Q: Can artificial intelligence run the world.
A: No.
I’ve looked at this many different ways, and today I am thinking of the classic film Metropolis . It is, to make it overly simple, the story of a beautiful city of the future run by advanced machines. In the upper classes of society there is utopia and the designer of the city is rightfully proud. In the lower classes of society there is drudgery in service to the machines that keep the city running. One day the machine breaks, killing workers, and the resulting chaos destroys the dream of Metropolis.
The second film I am thinking of is part of The Animatrix and it is an origin story of what we currently believe to be our deus ex machina, AI. This story, The Second Renaissance, tells of a future in which humankind refuses to accept machines as equals, banishing them to the Sahara Desert where they ultimately flourish, making better manufactured parts than any humans. Ultimately humans and the machines battle for world supremacy and to destroy the source of the machines’ power, the Sun, human destroy the sky. Thus is born the world we begin to watch as The Matrix.

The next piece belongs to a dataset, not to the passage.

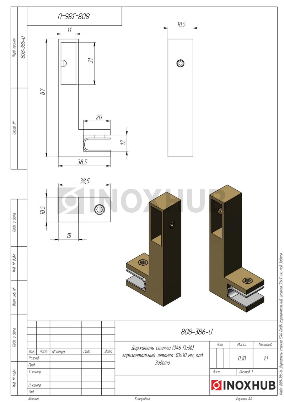 Держатель стекла (346 Gold) горизонтальный, штанга 30×10 мм, под Золото

I can’t tell you much science fiction literature and film has dealt with such questions. They are enormously complex. Nevertheless it really boils down to this. What is more important to you as a human being? Is it that which you can give and receive from other human beings, or that which you can give and receive from machines? The answer, for all of history has been that humans are much more important than machines - and that machines only exist to serve the needs of mankind.
I believe this is consistent even today. The consequence of that means underneath the question of machines running the world is a profound lack of trust in those who are running the world now. Logically then, one must ask the question, who is going to teach machines how to run the world better than humans? In otherwords, which humans will get the trillions of dollars necessary to design, build, and educate machines? Why would they do that for machines and not for humans? You see the paradox.
I say that AIs will not emerge with any intelligence that humans can trust for such matters as security guard duty within the next 40 years. I predict at that point in the future we will be lamenting all of the money wasted on self-driving cars when we could have just built self-driving subways for a lot less money, and having saved many more lives.